The challenge is compounded by the fact that Google Analytics by default does not show real-time internal search terms. However, we’ve found a way around this by using an Advanced filter to get Google Analytics to alias search terms as if they were page URLs.

First, we created a separate View (formerly known as a Profile) to only show our internal search terms, using this filter:

Filter to show only search pages
Filter to show only search pages

Note that we stripped query parameters out of URLs when we created the View. We next created a filter to lower-case all search terms, so for example ‘tax credit’ and ‘Tax credit’ would both be aggregated together as ‘tax credit’ as they are essentially the same thing.

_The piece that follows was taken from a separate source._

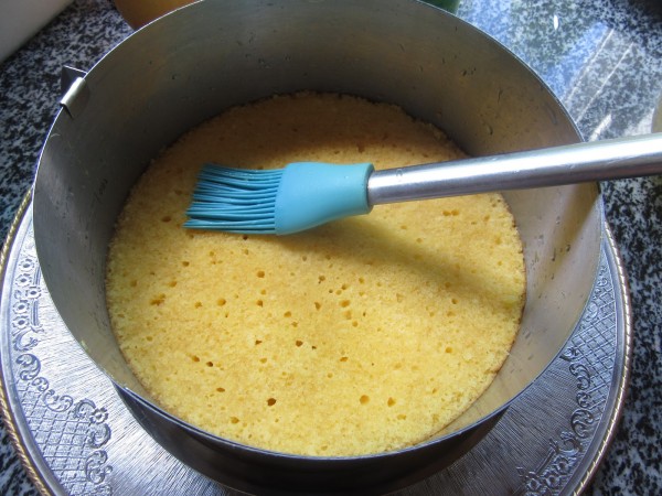 2- Colocar el bizcocho en un aro extensible o molde de unos 20 cm.Una vez frío el bizcocho y almíbar, emborrachar.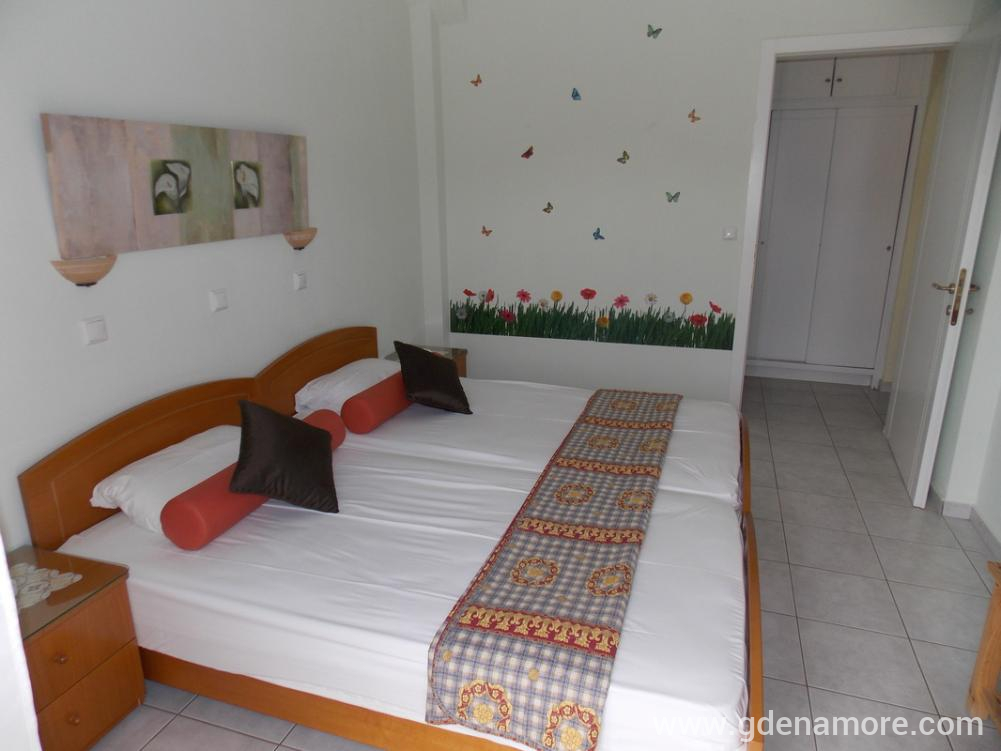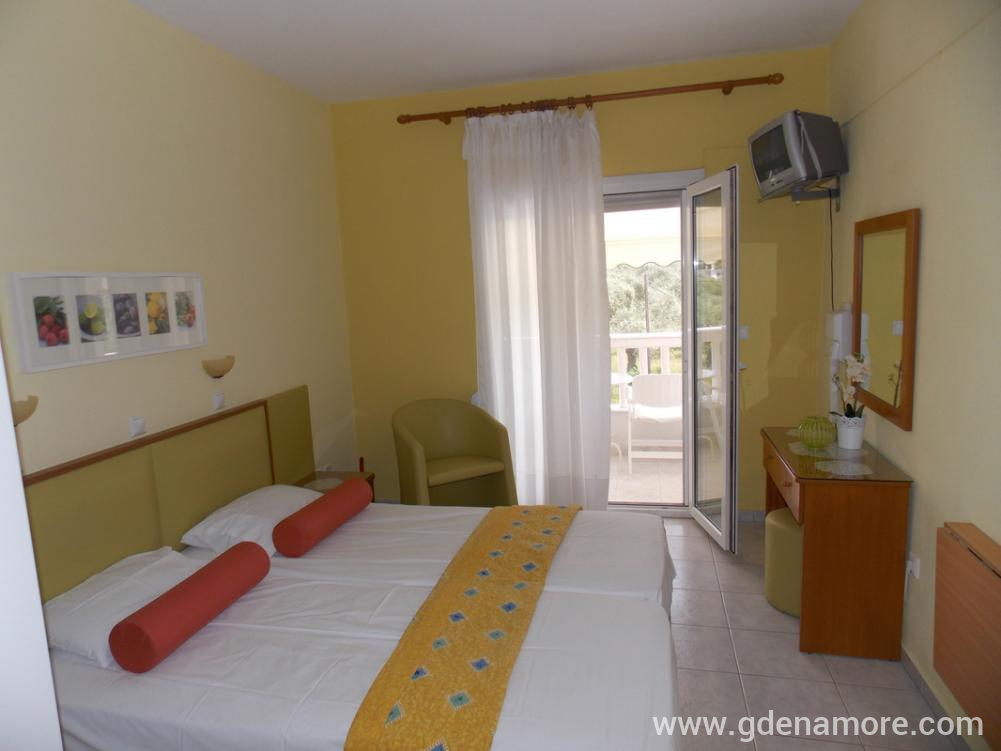 When you get off the ferry, follow the direction to the right and drive along the sea on the main road (about 300m). When you reach the part where the narrow road leads straight to the Hotel Vournelis and the beach of the same name, continue on the main road and turn left. 150m later you come to the first big crossroads (with Dimitriadu Street) and turn left there. Ioli Apartments is located 200m after the turn, on the right side of the street (on the road from Limenas to Prinos, on the corner, after the gas station and Paradise Studios).

Filter to lower-case search terms
Filter to lower-case search terms

A third filter is required which aliases the search terms as URLs. The settings for the filter are below:

Filter to alias search terms
Filter to alias search terms

Filters can take up to 24 hours to take effect but once activated, instead of seeing this in the All Pages report:

All Pages report before applying the filter
All Pages report before applying the filter

we see this:

All Pages report after applying the filter
All Pages report after applying the filter

This transformation now allows us to make use of the built-in real-time reports using the Page dimension to represent the search terms.

Active searches dashboard
Active searches dashboard

This may be adequate for smaller scale sites but for GOV.UK we wanted to drill further and show terms by topics we were interested in, such as driving and theory tests.

We achieved this by first collating terms that related to driving and theory tests and then creating a regular expression which matched those terms:

(.*|^)(theory test|driving test|driving licence|provisional|d1|driving license|provisional licence|practical test|provisional license|driving theory|book theory test|book driving test|practical driving test|driving theory test)(.*|$)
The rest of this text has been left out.